Understanding the Venlafaxine and Aspirin Interaction
FDA-approved prescribing information for these two drugs flags their combination as a moderate-severity interaction. Venlafaxine belongs to the Serotonin-Norepinephrine Reuptake Inhibitor (SNRI) class and Aspirin belongs to the Antiplatelet / NSAID class - two categories that can collide when co-prescribed. The mechanism described in FDA labeling is: Both drugs interfere with how blood cells called platelets work, which increases the risk of serious bleeding in the stomach or other areas. Severity tiers matter: major flags generally advise avoidance, moderate flags often require monitoring or dose adjustment, and minor flags may only call for awareness.

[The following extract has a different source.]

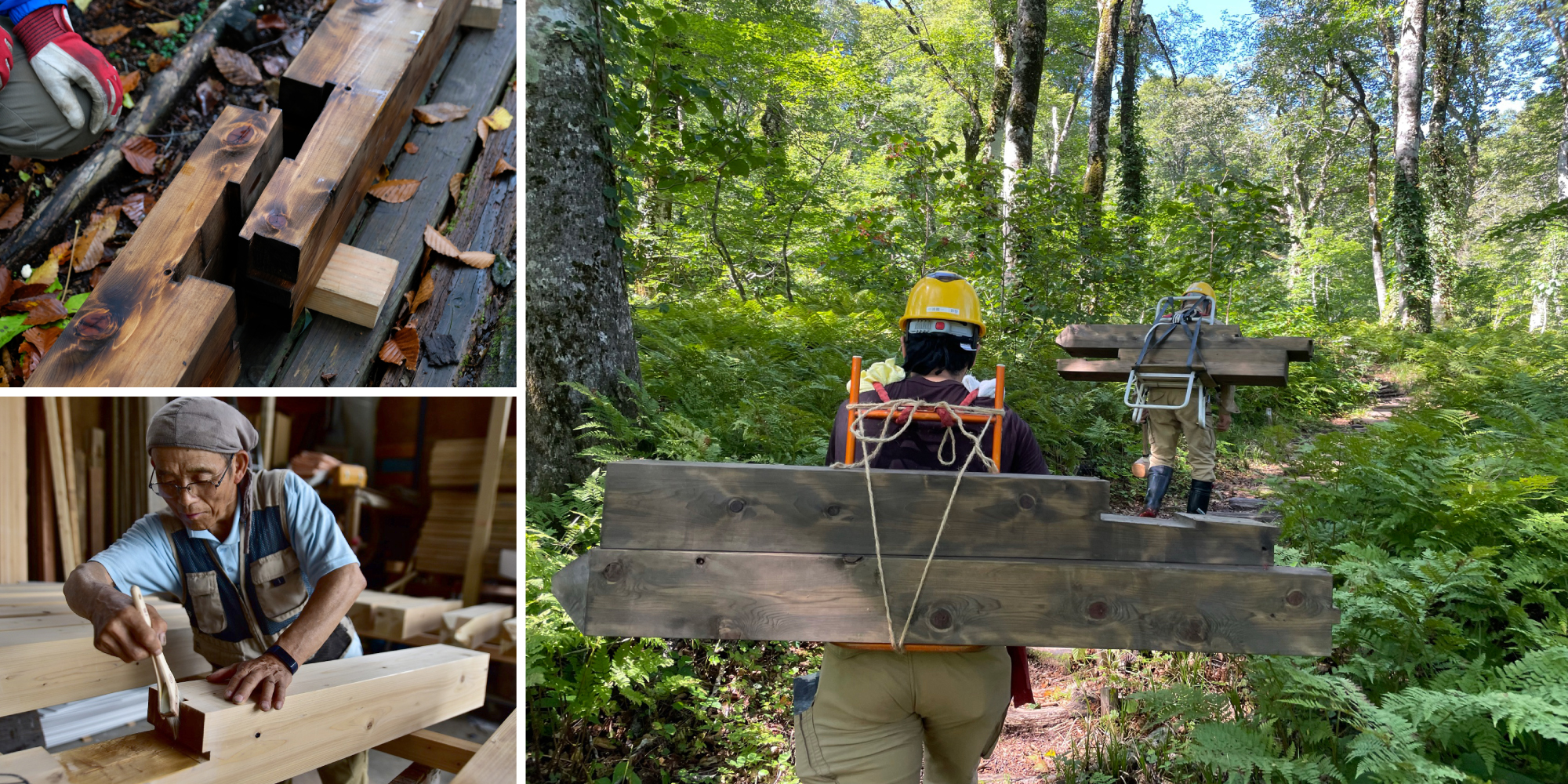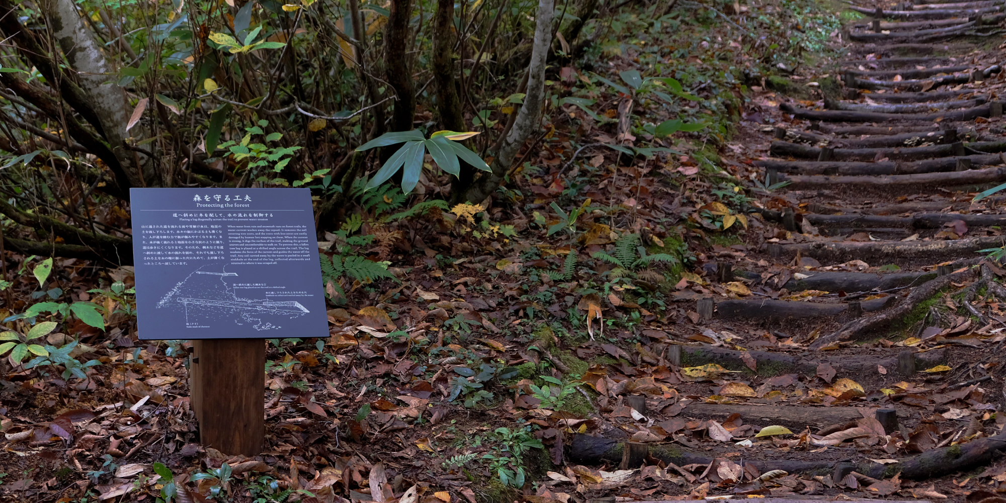 また「熊に注意」などの注意喚起や、森を守る監視員の工夫を伝えるサインを点在させることで、来訪者に人が自然に入る意味や人と森の関係性を伝えています。サインの設えには飛騨の組木技術を活用し、パーツ化することで人の手による運搬と現地組立を可能としました。これにより環境負荷を抑えるとともに、部材単位での交換による持続的な維持管理を実現しています。さらに木酢液の塗布により、風化や獣害への対策と景観への調和を両立しました。行政と民間の連携のもと、地域の木の文化と技術を継承する仕組みを内包した本計画は、サインを単なる情報伝達にとどめず、人と自然、地域文化をつなぐ存在として位置づけています。
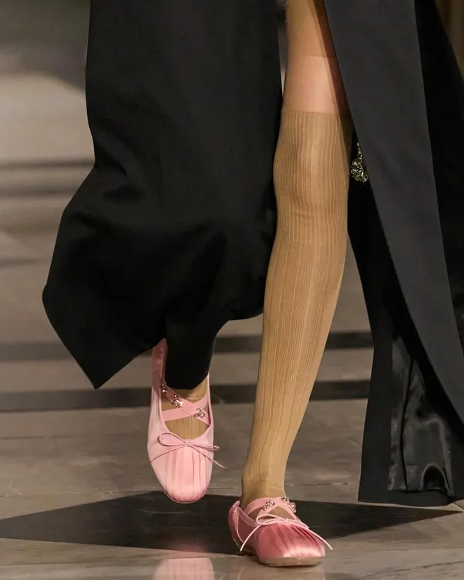 Балетки, как неотъемлемая часть обувной капсулы, уже прочно обосновались в гардеробах модниц. Начиная с коллекции Miu Miu осень-зима 2024, эта пара продолжает покорять подиумы Недель мод. Если в прошлом сезоне самой модной ее вариацией стали кожаные лаконичные модели с квадратным мысом и стильной перемычкой в духе Мэри Джейн, то в этом году их заменила текстильная обувь с аккуратными бантиками на мысе. Да-да, теперь балетки должны выглядеть так, словно вы вышли из класса по хореографии и забыли переодеться. Именно такие пуантовидные модели появились на шоу Gucci Cruise 2025, а также в весенне-летних коллекциях Simone Rocha и Ferragamo. И если последними лучше всего насладиться издалека из-за неудобного высокого каблука и ленточек, которые могут «резать» рост, то первые — то, что доктор прописал в жаркую погоду.

Context around a specific patient determines real-world impact. Venlafaxine has 22 total documented interactions on file in this dataset, and Aspirin has 47. Each additional medication compounds the interaction surface, which is why pharmacists run full-profile checks rather than evaluating one pair at a time. FDA-derived guidance for this pair is: Watch for signs of unusual bruising or bleeding and talk to your doctor about the risks of this combination. Timing of doses, renal and hepatic function, age, and other concurrent prescriptions all shape whether a labeled interaction matters clinically.
An interaction flag is not a verdict. A large share of labeled interactions are managed routinely in clinical practice, the fix may be as simple as spacing doses or adding a monitoring test. Others require the prescriber to choose a different medication entirely. This page surfaces FDA-sourced labeling and openFDA data for educational purposes only; it is not medical advice and cannot account for your full clinical picture. Never start, stop, or adjust either Venlafaxine or Aspirin based on a web page, speak with your prescriber or pharmacist before making any change.
Sources: FDA Drug Labels (SPL) via openFDA (2026). This is for informational purposes only and is not medical advice. Always consult your healthcare provider about drug interactions.
Read our methodology - how this data is sourced, computed, and verified.